Stream big data in real time with Spark and integrate any data source from Kafka to Twitter.
Nothing static, everything in motion.
You probably already know: Spark is the most popular big data computing engine, the most serviced and with a proven performance record. It's 100 times faster than the old MapReduce paradigm, and it can be easily expanded with machine learning, streaming, and more.

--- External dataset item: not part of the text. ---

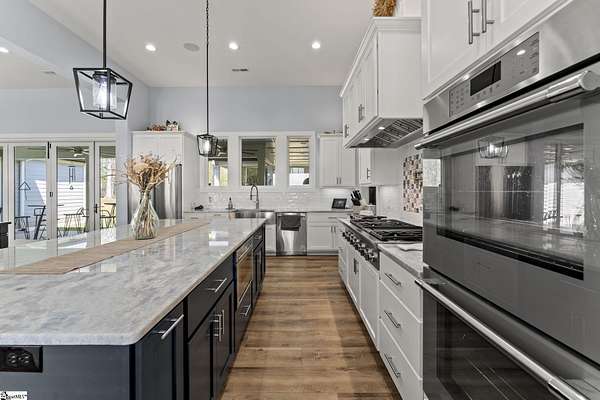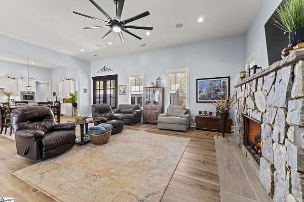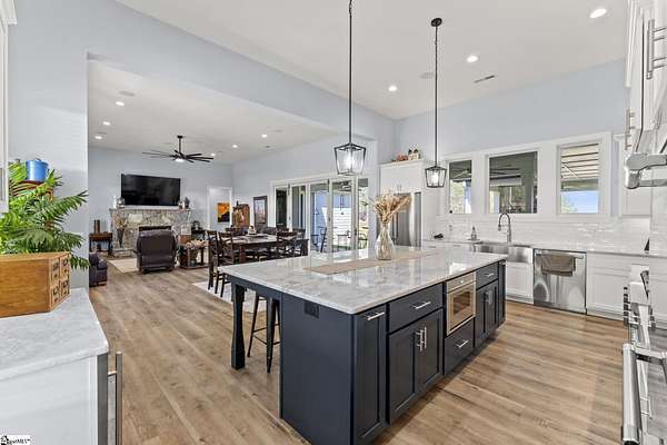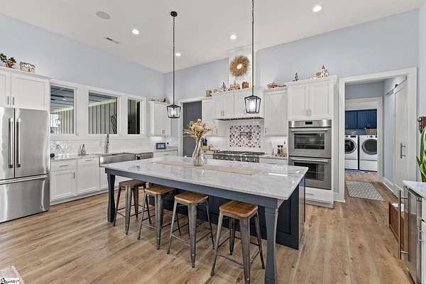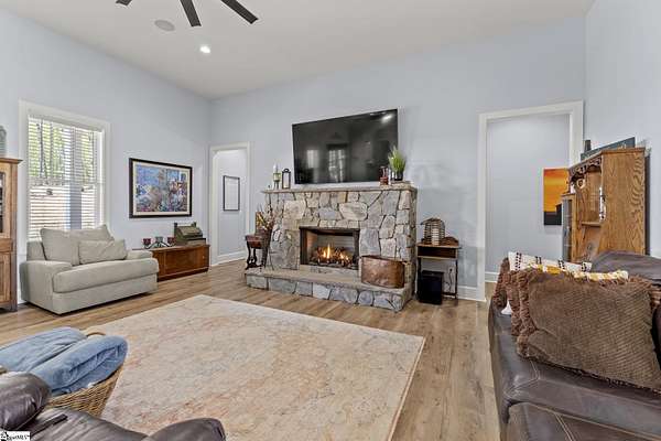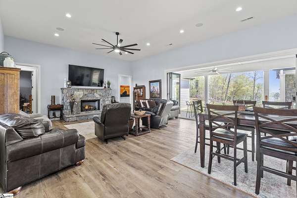 Welcome to 1359 Martin Creek Road where refined indoor-outdoor living meets unmatched utility. 4-bed luxury estate in Seneca with a private gated entry, 4.47 scenic acres, and elevated Lake Hartwell views with a contiguous 6 acres available also. Built in 2022, this 4,307 sq ft custom home blends timeless design with high performance systems, including whole property water filtration, 400 amp service, and a 26kw whole-home generator for confidence and continuity. Contact Chris Horrell @ 864-351-8239 for a private showing. Step inside to 8 ft doors, abundant natural light, and an open concept great room with gas log fireplace and 8 ft accordion glass doors opening to a covered outdoor living space connecting open concept with open air: outdoor kitchen, outdoor shower, outdoor TV, gas grill, and a wood-burning fireplace with gas starter. The home is plumbed and wired for a pool. The chef’s kitchen features Thermador 6-burner gas cooktop, double oven, in-cabinet microwave, marble countertops, pull-out cabinetry, Ruvati sink with accessories, an in-cabinet ice maker, plus a walk-in pantry with generous storage and a dedicated Christmas light switch. The primary suite is a true retreat with garden tub, large walk-in shower with rain head plus handheld, dual vanities including a custom makeup station, and marble countertops throughout the baths. All bedrooms offer walk-in closets and return air. Enjoy a spacious laundry with custom cabinets, mud sink, and washer and dryer that convey, plus two-zone HVAC, tankless water heater, and an encapsulated insulated crawl space with dehumidifiers. Smart gate app control and entertainment-ready features include a 4-zone speaker system, security cameras, and TVs that convey (confirm details with agent). Garages and workshop space impress: an attached garage with 16 ft ceilings and high-top doors that is car-lift ready, plus a detached shop with wash bays, climate-controlled garage, RV bay with 50 amp electric, water and septic of its own, loft storage, and built-in cabinetry that conveys. 500 gallon propane tank, Up Country Fiber internet, and Blue Ridge Electric. No HOA, 3 minutes to Martin Creek Boat Ramp and minutes to Clemson Marina, Contact agent for Airbnb viewing availability.

In this course, we will take a natural step forward: we will process big data as it becomes available.
What awaits you:
- You'll find out how Spark Structured Streaming and Spark's "regular" batches are similar and different.
- You'll be working with new streaming abstractions (DStreams) for low-level, high-control processing.
- You integrate Kafka, JDBC, Cassandra and Akka Streams (!), so you can integrate whatever you like afterwards.
- You'll be working with powerful state-tracking APIs that few know how to use correctly.
- You'll have access to all the code I write on camera (2200 q LOC)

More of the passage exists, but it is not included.